▸ **WORK TO BE COMPLETED**:
Return exactly the lines below, starting with the one that has "Ежедневник с гибкой" and going on through the one that has "深度学习前沿:有一些前沿研究".

▸ **RECORDS FOR THE EXERCISE**:
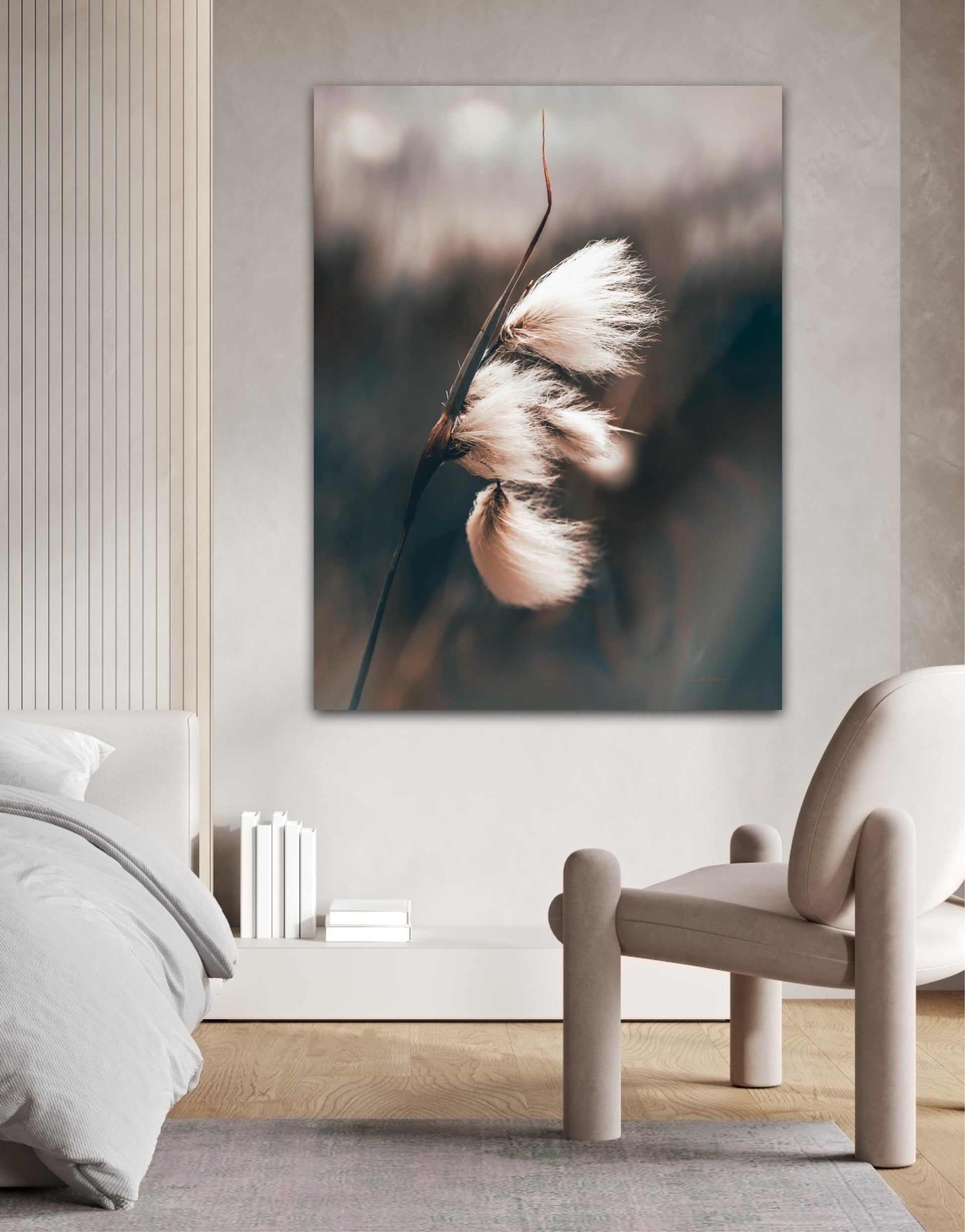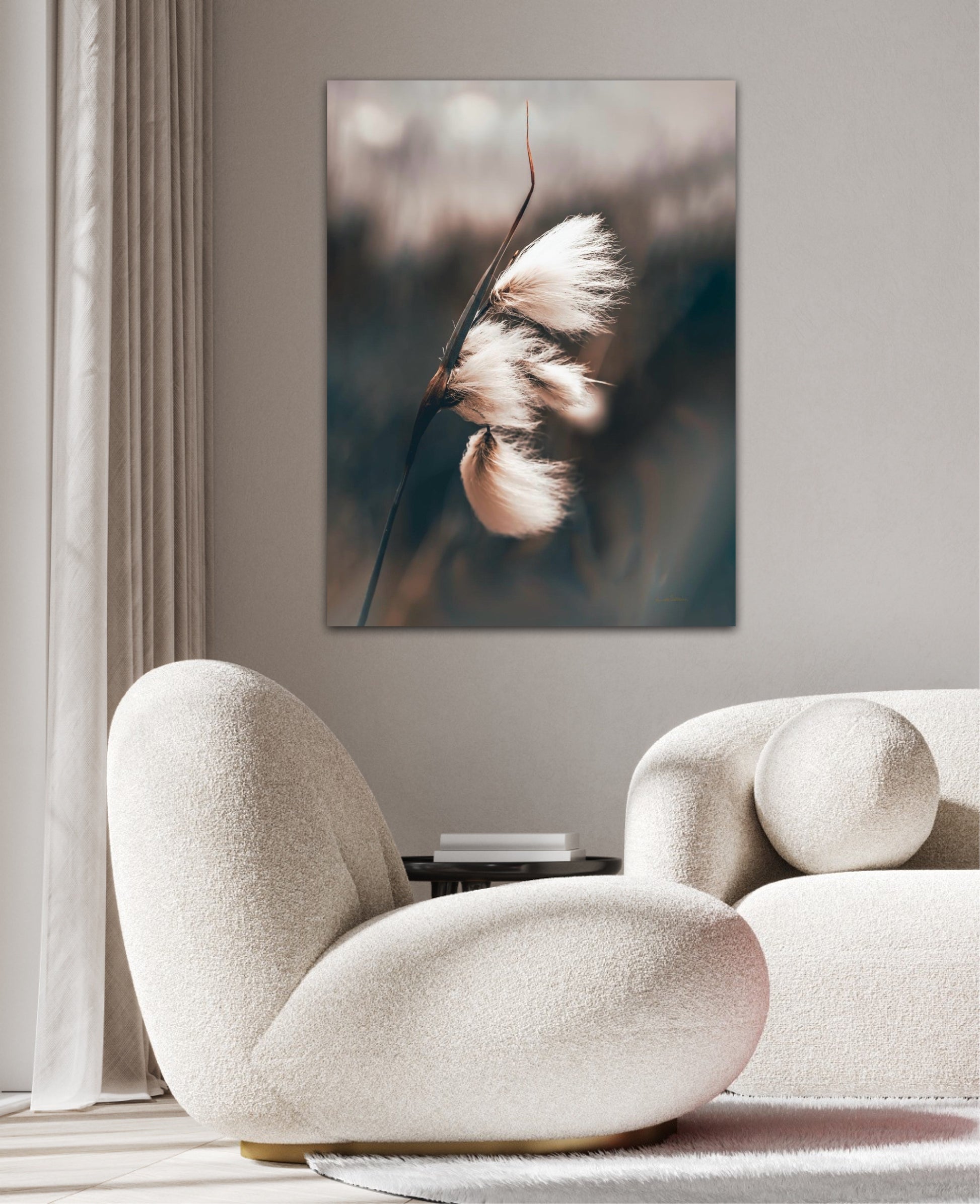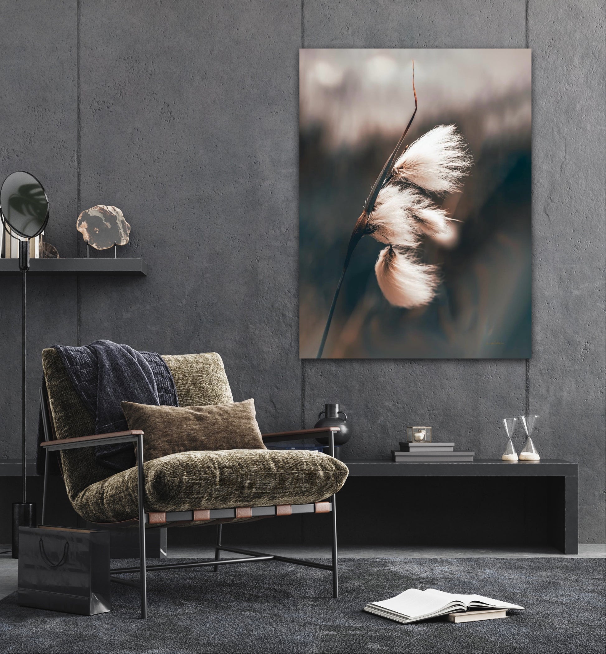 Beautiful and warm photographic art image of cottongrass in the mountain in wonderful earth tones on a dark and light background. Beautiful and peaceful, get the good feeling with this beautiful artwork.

--

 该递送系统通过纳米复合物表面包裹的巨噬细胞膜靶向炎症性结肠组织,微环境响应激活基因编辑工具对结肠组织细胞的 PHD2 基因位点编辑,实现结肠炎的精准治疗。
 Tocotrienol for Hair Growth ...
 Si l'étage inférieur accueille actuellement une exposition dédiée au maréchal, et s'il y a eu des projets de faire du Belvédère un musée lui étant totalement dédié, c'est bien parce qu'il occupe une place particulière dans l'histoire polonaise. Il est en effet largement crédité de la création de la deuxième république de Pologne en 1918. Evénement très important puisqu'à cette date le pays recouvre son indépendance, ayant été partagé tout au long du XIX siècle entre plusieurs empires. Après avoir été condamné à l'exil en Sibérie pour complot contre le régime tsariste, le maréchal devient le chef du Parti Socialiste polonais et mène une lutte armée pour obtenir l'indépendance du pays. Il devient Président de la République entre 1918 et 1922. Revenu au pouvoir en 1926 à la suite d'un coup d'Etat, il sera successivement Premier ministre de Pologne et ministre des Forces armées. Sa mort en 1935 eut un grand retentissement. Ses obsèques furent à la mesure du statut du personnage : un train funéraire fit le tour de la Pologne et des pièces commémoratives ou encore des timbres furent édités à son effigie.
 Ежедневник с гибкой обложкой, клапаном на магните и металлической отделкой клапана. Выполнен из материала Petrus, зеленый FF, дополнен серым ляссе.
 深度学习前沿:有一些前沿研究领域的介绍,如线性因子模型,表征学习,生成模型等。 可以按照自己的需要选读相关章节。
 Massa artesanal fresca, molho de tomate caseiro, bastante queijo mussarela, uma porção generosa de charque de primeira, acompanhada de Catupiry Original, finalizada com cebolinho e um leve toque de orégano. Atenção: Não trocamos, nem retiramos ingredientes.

▸ **YOUR RESPONSE**:
 Ежедневник с гибкой обложкой, клапаном на магните и металлической отделкой клапана. Выполнен из материала Petrus, зеленый FF, дополнен серым ляссе.
 深度学习前沿:有一些前沿研究领域的介绍,如线性因子模型,表征学习,生成模型等。 可以按照自己的需要选读相关章节。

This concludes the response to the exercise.